Result: Attribute-heavy catalogs avoid brittle table explosions, but downstream systems still receive predictable contracts.
Learning: Document flexibility pays off when the business changes shape faster than the core identity model changes.
Where It Breaks
| Architecture choice | Works well when | Breaks when | Failure mode |
|---|---|---|---|
| Relational only | Catalog shape is stable and invariants dominate | Category attributes change constantly | EAV tables, nullable sprawl, slow schema evolution |
| Document only | Products are heterogeneous and mostly read as whole objects | Checkout correctness depends on embedded mutable fields | Conflicting truth across services |
| Search index only | The problem is discovery and ranking | The index becomes authoritative | Orders use stale or denormalized data |
| Relational plus document | Core identity is stable but attributes vary | JSON fields are unvalidated | Flexible fields become hidden contracts |
| Relational plus document plus search | Multiple workloads need different read shapes | Eventing and rebuild paths are weak | Index drift, stale projections, unclear ownership |
The combined model has real cost. You now own propagation, idempotency, rebuilds, schema versioning, and observability across stores. The win is not simplicity of implementation. The win is operational clarity.

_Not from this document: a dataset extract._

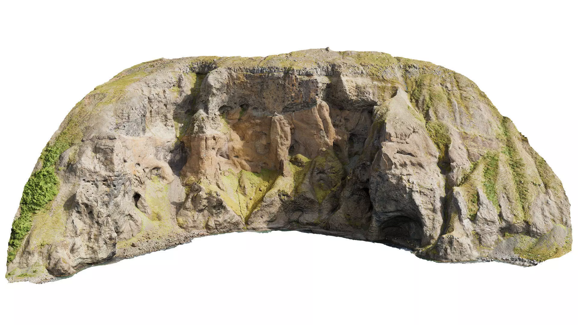 This detailed 3D scan of an Icelandic cliff peak formation -, featuring sheer basalt cliffs was captured in neutral lighting to ensure accurate surface detail and realistic color tones. The model has been carefully cleaned, decimated, and optimized for both real-time and offline rendering workflows
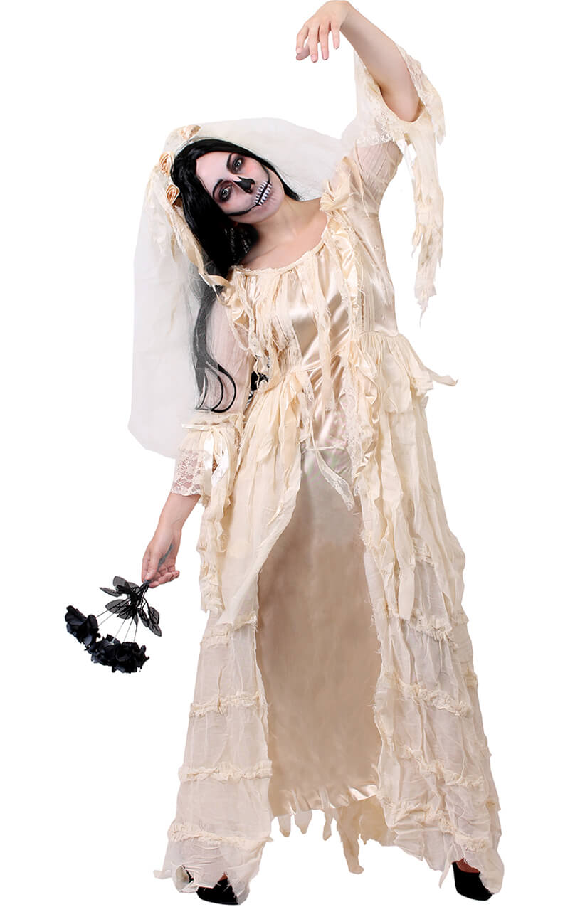 Poor Havisham, after she got left at the altar, she continued to stand there waiting for her love in her silk white wedding dress, she stood for so long that she died and came back to life and continue to wait for her groom! Now you can continue her legacy and uphold her once renowned beauty and show her Great Expectations in the next life at the heart of the Halloween parties this coming year! It comes with makeup and a black rose bouquet to add to the mystic silent horror even more!

You should be able to answer these questions during an incident:
- Which store is authoritative for this field?
- Can this projection be rebuilt from upstream state?
- What happens if the search index is ten minutes stale?
- Which fields must be revalidated before checkout?
- Which schema changes require backfills?
- Which consumers are pinned to old document versions?
If those answers are unclear, adding more databases will amplify the failure rather than contain it.
What to Do Next
- Problem: Your catalog probably contains multiple workloads hidden behind one noun: product.
- Solution: Separate the relational core, flexible attribute model, and search projection by ownership and failure behavior.
- Proof: Use relational constraints for invariants, governed documents for heterogeneous attributes, and rebuildable indexes for discovery.
- Action: Audit the top twenty catalog fields by authority, freshness requirement, write owner, read path, and rebuild strategy before changing the storage engine.